Fault-Tolerance is a long adopted concept in engineering discipline used to improve dependability of systems. The related intuitive principle is to increase design robustness by adding redundant resources and the mechanisms necessary to make use of them when needed. When these mechanisms are designed to act in order to optimize system-wide performance, we talk about system-level Fault-Tolerance.

Fault-Detection is one of these mechanisms and its importance is key, especially in the computer and software world. ESL is currently looking at using the tools and resources made available by the Gurkh framework to provide real-time system designs with system-level Fault-Tolerance. Safety-Critical Real-Time applications typically have stringent dependability requirements, which are usually captured as reliability and determinism.

ESL's ongoing Draper project is researching methodologies enabling capture of transient software faults. The monitoring chip contains a model of the expected system behavior. This behavior is captured as timing constraints.

The first phase of this work breaks down in three steps that together build a proof-of-concept implementation of an application with system-level Fault-Detection capabilities by using formal methods and System-On-Chip techniques.

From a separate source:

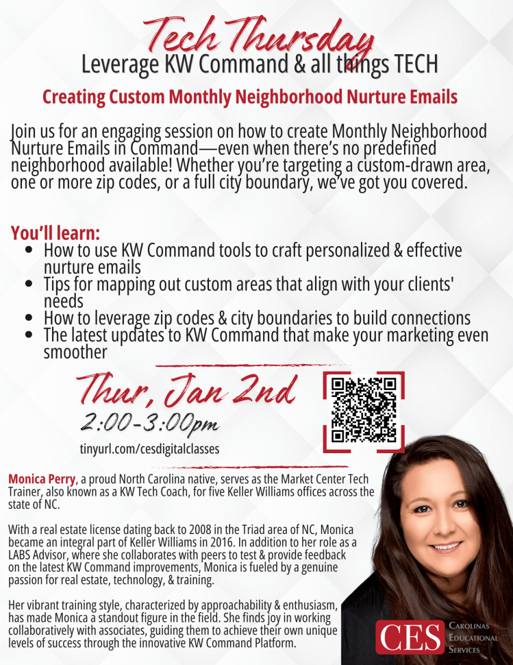 Join KW Tech Trainer, Monica Perry for an engaging session on how to create Monthly Neighborhood Nurture Emails in Keller Williams Command—even when there’s no predefined neighborhood available!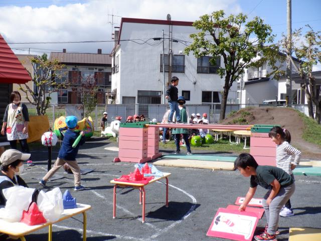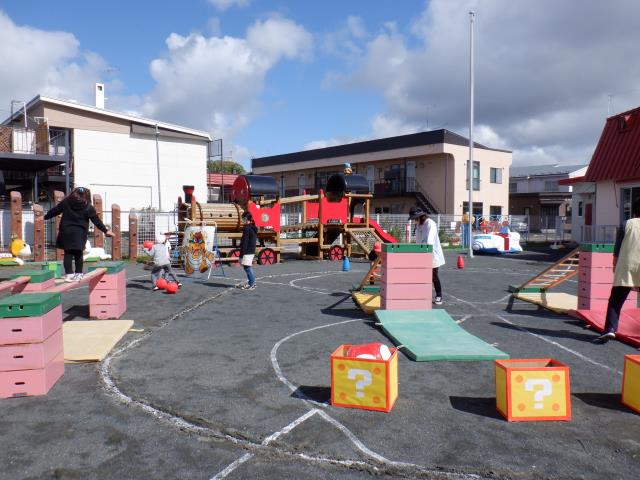 平均台やジャンプをし、サイコロを振って出た物を親子で持ってゴール!

The first step consists of deriving an Ada Ravenscar compliant version of the application software along with its corresponding formal model in Uppaal.

The second step of this work is the development of the application's fault model, in both software and timed-automata once more.

The last step of this first phase requires the development of a coordination mechanism to handle the operation model change-over.

The Uppaal models being developed are interfaced with the Uppaal model of the hardware kernel. This allows us to prove the correctness of the integrated system and helps us understand the timing behavior of the bounded sequence of interactions that take place within the system.

The first phase aims at proving that it is possible to carry out fault detection of the system based on a formal model of both the application and the run-time kernel. The next phase aims at providing degraded performance guarantees through multiple fault models.

One of the most challenging problems in hardware/software co-design is to provide operating system support for hardware components. The second phase of the project involves creating dual operating system support for system-level reconfiguration. RavenHaRT acts as the regular operating system and hands control over to the reconfiguration OS when the monitoring chip detects an error. The overall design method developed in the context of the Gurkh project, combined with the ability given to a system to degrade gracefully by means of system-level monitoring and reconfiguration, will allow designers to build more dependable System-on-Chip designs.